遠くの方から聞こえていたどこかのクソガキの泣き声が一瞬止んで、また耳に届いた。神楽は、一度だけ目を瞬いた。沖田はそれきり何も喋らなくなって、川のせせらぎだとか近くを通るおばちゃんと犬っころの足音だとかがやけに耳につくようになる。

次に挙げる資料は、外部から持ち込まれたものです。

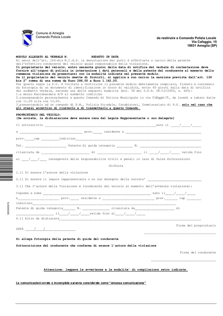 Ë!!9!!!8!Ì Comune di Ameglia Corpo Intercomunale di Polizia Locale di Sarzana Ameglia Comune di Ameglia Distaccamento di Ameglia Comando Polizia Locale 0000240000002300 da restiruire a Comando Polizia Locale Via Cafaggio, 15 Da restituire al Comando Distaccamento di AMEGLIA 19031 Ameglia (SP) Via Maestà 30 19031 AMEGLIA Tel. 0187-609262 0187-609263 MODULO ALLEGATO AL VERBALE N. 1021/2015/V REDATTO IN DATA 22/03/2015 Ai sensi dell’art. 126-bis N.C.d.S. la decurtazione dei punti è effettuata a carico della patente dell’effettivo conducente del veicolo quale responsabile della violazione. Il proprietario del veicolo, entro sessanta giorni dalla data di notifica del verbale di contestazione deve fornire all’organo di polizia in intestazione i dati personali e della patente del conducente al momento della commessa violazione da presentarsi con le modalità indicate nel presente modulo. Se il proprietario del veicolo omette di fornirli, si applica a suo carico la sanzione prevista dall’art. 126 bis 2° comma di una somma da Euro 286,00 a Euro 1.142,00. Per quanto sopra la S.V. è Invitata a restituire il presente modulo debitamente compilato, firmato e corredato da fotocopia di un documento dl identificazione in corso di validità, entro 60 giorni dalla data di notifica del suddetto verbale, secondo una delle seguenti modalità (Art. 38 del D.P.R. 28 /12/2000, n. 445): 1.a mezzo Raccomandata A/R al suddetto indirizzo 2.consegnandolo personalmente a questo Comando di Polizia Municipale in via Cafaggio Maestà 30, 15 da lunedì a sabato dalle ore 11,00 alle ore 13,00. 3.presentandolo ad un comando di P.M., Polizia Str adale, Carabinieri, Commissariato di P.S. solo nel caso che gli stessi accettino di riceverlo e di trasmetterlo a questo Comando. PROPRIETARIO DEL VEICOLO:ROSSETTI PIETRO FRANCESCO (Se società, la dichiarazione deve essere resa dal Legale Rappresentante o suo delegato) Il sottoscritto ______________________________________________________________nato il _____/_____/_____ a ___________________________________ prov._____ residente a __________________________________________ prov._____cap __________indirizzo______________________________________________________________________ Ë#$!!0Ì Tel. _______________________ Patente di guida categoria _________ N. __________________________________ rilasciata da ___________________________ di _________________________ il _____/_____/_____ valida fino al ____/____/____ consapevole delle responsabilità civili e penali in caso di false dichiarazioni dichiara 1.[] Di essere l’autore della violazione 2.[] Di essere il legale rappresentante o un suo delegato della societa' ______________________________ 3.[] Che l’autore della Violazione è (conducente del veicolo al momento dell’avvenuta violazione): Cognome e nome ____________________________________________________________ nato il_____/_____/_____ 0203000015 a_______________________ prov._____ residente a _____________________________ prov._______ cap ________ indirizzo________________________________________________________________________________ Patente di guida categoria_______ N. _______________ rilasciata da______________________ di _____________________ il_____/_____/_____valida fino al_____/_____/_____ 4.[] Altro da dichiarare_______________________________________________________________________________ Firma del proprietario DATA ____________________________ / / ________________________________________ Si allega fotocopia della patente di guida del conducente Sottoscrizione del conducente che conferma di essere l’autore della violazione Firma del conducente ____________________________________ Attenzione: leggere le avvertenze e le modalita' di compilazione retro indicate. Le comunicazioni errate o incomplete saranno considerate come “omessa comunicazione” Pagina 3 del v erbale N.1021/2015/V Pr. 1352/2015/V DEL 22/03/2015 Comunicaz ione obbligatoria per la decurtazione dei punti dalla patente In riferimento al verbale, di cui il presente atto costituisce parte integrante, si comunica che la violazione in esso accertata comporta la decurtazione dei punti sulla patente di guida a carico del conducente del veicolo come indicato a verbale. Per le patenti ril asciate successivamente al 1° ottobre 2003 a soggetti che non siano già titolari di altra patente di categoria B o superiore, i punti per ogni singola violazione, sono raddoppiati qualora le violazioni siano commesse entro i primi tre anni dal rilascio. Qualora vengan o accertate contemporaneamente più violazioni, possono essere decurtati un massimo di quindici punti. Tali disposizioni non si applicano nei casi in cui è prevista la sospensione o la revoca della patente. Pertanto ai sensi dell’art. 126-bis C.d.S. la decurtazione dei punti è effettuata a carico della patente dell’effettivo conducente del veicolo quale responsabile della violazione. Il proprietario del veicolo o altro responsabile in solido ai sensi dell’art.196 del C.d.S, sia esso persona fisica o giuridica, è tenuto a fornire all’organo di polizia che procede, entro 60 giorni dalla notifica del presente verbale, i dati personali e quelli della patente di guida del conducente del veicolo stesso al momento della commessa violazione. In caso di omissione, o comunicazione incompleta o tardiva o comunque insuffici ente, sarà soggetto alla san zione prevista dall’ art. 126/bis comma 2 del codice della strada (secondo gli importi attualmente in vigore). Ai sensi dell’ articolo 219 bis C.d.S, si applicano, altresì, le disposizioni dell’articolo 126 bis anche ai conducenti maggiorenni muniti d i certificato di idoneità alla guida (CIGC). Ai sensi dell’ art 23 commi 1 e 2 del D.L.vo 286/2005 la decurtazione punti si app lica alla Carta di Qualificazione del Conducente (CQC trasporto cose o persone) ovvero il C.A.P. di tipo KB (anziché la patente d i guida), se la violazione è stata commessa alla guida di un autoveicolo per cui l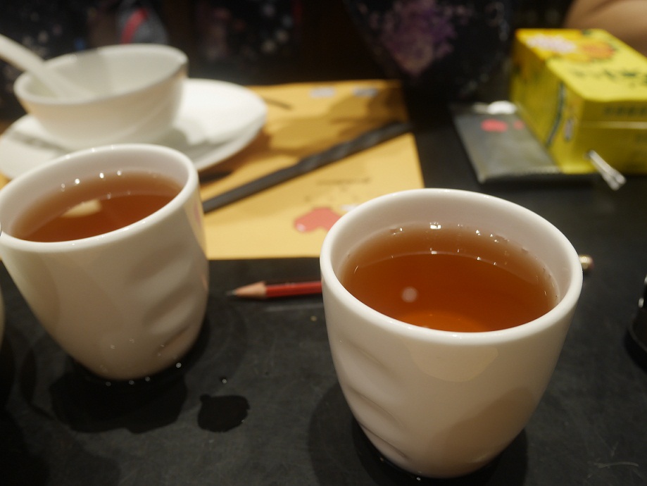 อุปกรณ์พร้อม! ... ที่ร้านจะมีกระดาษ (ข้างๆแก้วชา) เลือกอาหารจากกระดาษแผ่นนั้นแล้วส่งให้พนักงานในร้านเลยครับ

激しく体を動かした後の乱れた呼吸が落ち着くまでに、どれぐらいの時間があっただろう。クソガキの泣き声はいつの間にか聞こえなくなっていた。沈黙の後、神楽は口をへの字に引き結び、眉間に皺を寄せてなんとも言えぬ渋い顔をする。


「なんでい、その不細工な面ァ。泣くぞコノヤロー」

「勝手に泣いとけヨ」


フンと息をついて神楽は沖田に背を向けた。暴れているうちに汚れてしまったのだろう赤いチャイナ服の背中を一瞥し、沖田は頭の下で腕を組む。


「…んなモン、言われなくても知ってるアル」


ぼそり。聞こえた声に沖田がへェ、と相槌を打った。


「かぶき町の女王神楽様は美人で心優しくてよくできた女ヨ。世の男共が惚れないはずないアル」


ふてぶてしい言葉とは裏腹に、神楽は居心地悪そうに背を丸める。


「ふーん…」

「………」

「………」

「………」


再び沈黙。顔を合わせる度にあれやこれやと難癖を付けあっては喧嘩していた二人にとっては珍しいことだった。互いに喋ることも億劫になるぐらい疲れていた。けれど、それ以上に。


「…………」

「…………」

「…………」

「…………」

「…………」

「…………」











「っだあ゛あ゛あ゛あ゛あ゛あ゛」

「あ゛あ゛あ゛あ゛あ゛あ゛あ゛」


どちらからとも知れない。沈黙に、気まずさに、自分の中で渦巻いてる何かに耐えきれなくなって二人はとうとう爆発するように声をあげてこの訳の分からない空気をぶっ飛ばした。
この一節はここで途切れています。